### Data

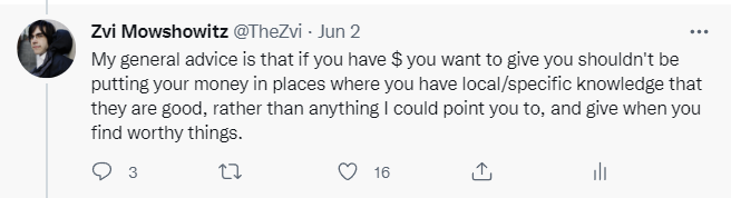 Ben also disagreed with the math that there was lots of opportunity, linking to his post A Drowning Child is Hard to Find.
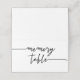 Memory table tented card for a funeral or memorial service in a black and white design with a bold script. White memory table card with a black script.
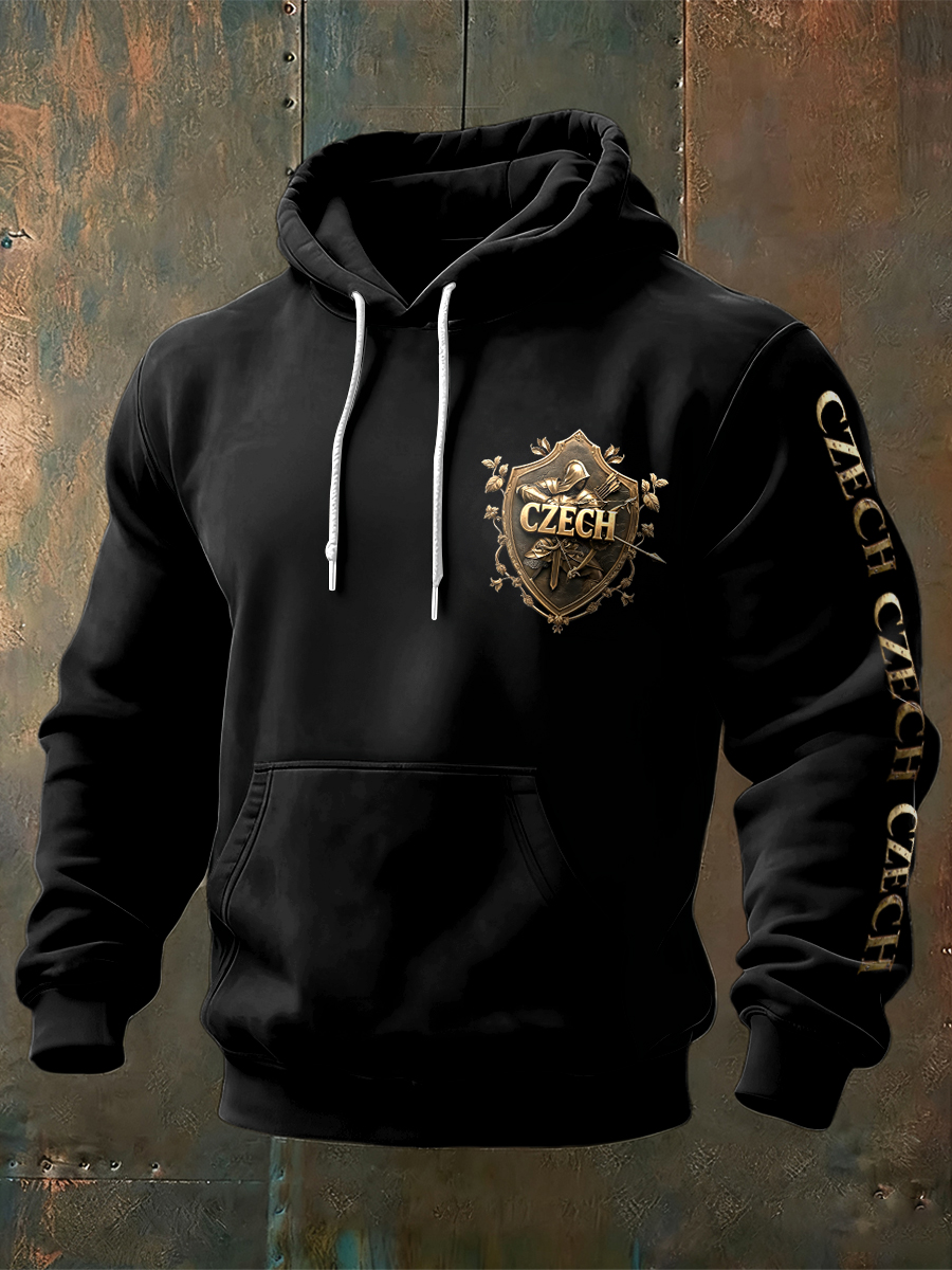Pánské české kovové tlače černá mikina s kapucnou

######

> What is expected
Please set down each line of the listing above word for word, skipping any pictures.

> Task response
 Ben also disagreed with the math that there was lots of opportunity, linking to his post A Drowning Child is Hard to Find.
 Memory table tented card for a funeral or memorial service in a black and white design with a bold script. White memory table card with a black script.
Pánské české kovové tlače černá mikina s kapucnou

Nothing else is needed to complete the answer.